Come è fatto. Ad avvalorare l’ipotesi che si tratti di un fortino tedesco si possono citare alcuni oggetti che sono stati rinvenuti proprio tra quelle mura: monete del Reich battute tra il 1938 e il 1944, ceramiche di alcune piastrelle, scatolette in latta e i resti di un piatto di porcellana con la scritta 'Made in Germany' prodotto dalla ditta tedesca Meissen tra il 1890 e il 1940. Insomma, si può dire quasi con assoluta certezza che qualche tedesco abbia vissuto per qualche tempo in questo fortino. Magari non erano i gerarchi del Terzo Raich, ma di sicuro avevano in tasca il passaporto germanico. Schavelzon ha più volte detto che le ricerche sono ancora all’inizio e non è utile spingersi a sbandierare giudizi affrettati. La piccola fortezza si presenta come una «struttura tipica dell’ingegneria europea, con mura spesse tre metri e senza omologhi nei dintorni», spiega ancora Schavelzon. Un articolo de La Stampa racconta che al suo interno è visibile «un’abitazione per gli alloggi (dotata dell’eccezionale lusso di un pozzo e una tinozza), un magazzino per le scorte e una casamatta che domina il circondario».

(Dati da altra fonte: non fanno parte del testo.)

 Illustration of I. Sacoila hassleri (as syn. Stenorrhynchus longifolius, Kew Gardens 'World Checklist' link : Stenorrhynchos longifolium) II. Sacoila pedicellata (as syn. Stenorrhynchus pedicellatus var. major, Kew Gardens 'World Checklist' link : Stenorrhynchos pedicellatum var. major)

Chi era Walter Darré. Secondo alcuni storici il progetto di questa costruzione fu affidato al ministro dell’Agricoltura e teorico della supremazia razziale, Walter Darré, nato a Buenos Aires da immigrati tedeschi e qui rimasto fino all’adolescenza. Sembra quindi che l’Argentina sia stata scelta come meta per via della mente che si occupò del progetto. In realtà, questo Paese sudamericano, all’inizio del secolo scorso, poteva vantare una nutrita comunità germano-argentina che salutò con molto entusiasmo l’avvento del nazismo in terra tedesca. Non si esclude poi che venne scelta proprio questa giungla vista la significativa somiglianza con alcune località delle alpi bavaresi. Per questa ragione Schavelzon ipotizza che il fortino da poco scoperto potrebbe essere solo uno dei tanti rifugi nascosti in queste zone.

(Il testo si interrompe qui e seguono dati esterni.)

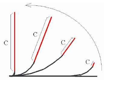 Compensation process in the bending mushroom stem (experimental data were collected on Coprynus). C - the compensating part. Created and uploaded by Audrius Meškauskas.
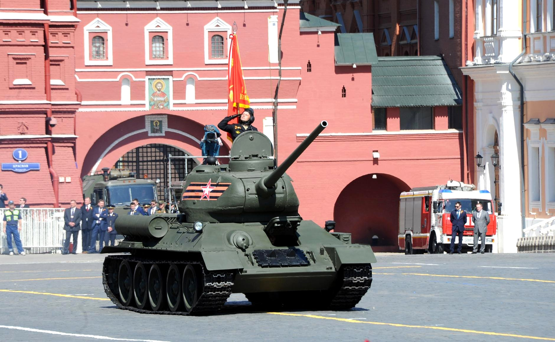 Military parade on Red Square 2016-05-09
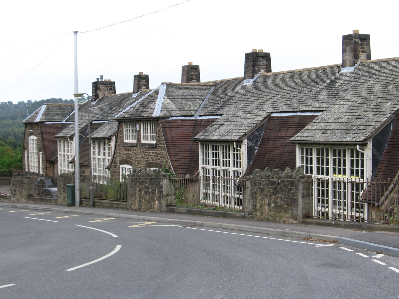 Hackney - Greenaway School

Gerarchi tedeschi in fuga. L'ipotesi, quindi, è che dopo il crollo del nazionalsocialismo soldati, gerarchi e alte autorità tedesche fuggirono dall'Europa verso la calda terra del Sudamerica. Tra le personalità di maggior spicco che arrivarono in Argentina possiamo ricordare Erich Priebke, l’ex comandante delle SS artefice del massacro delle Fosse Ardeatine, che arrivò nella terra delle pampas nel 1948 (e vi rimase fino al '95). Stessa destinazione anche per Adolf Eichmann che si trasferì in Argentina nel 1950 con un passaporto della Croce Rossa a nome di Ricardo Klement. L’omonimo di Hitler riuscì a portare con sè tutta la sua famiglia e, come molti altri nazisti, entrò a lavorare negli stabilimenti Mercedes fuori Buenos Aires. Lo catturò il Mossad isrealiano nel maggio del 1960. Anche Josef Mengele, il cosiddetto "Angelo della morte" in quanto artefice di esperimenti parascientifici sui deportati ad Auschwitz, migrò in fretta e furia in questo Paese sudamericano.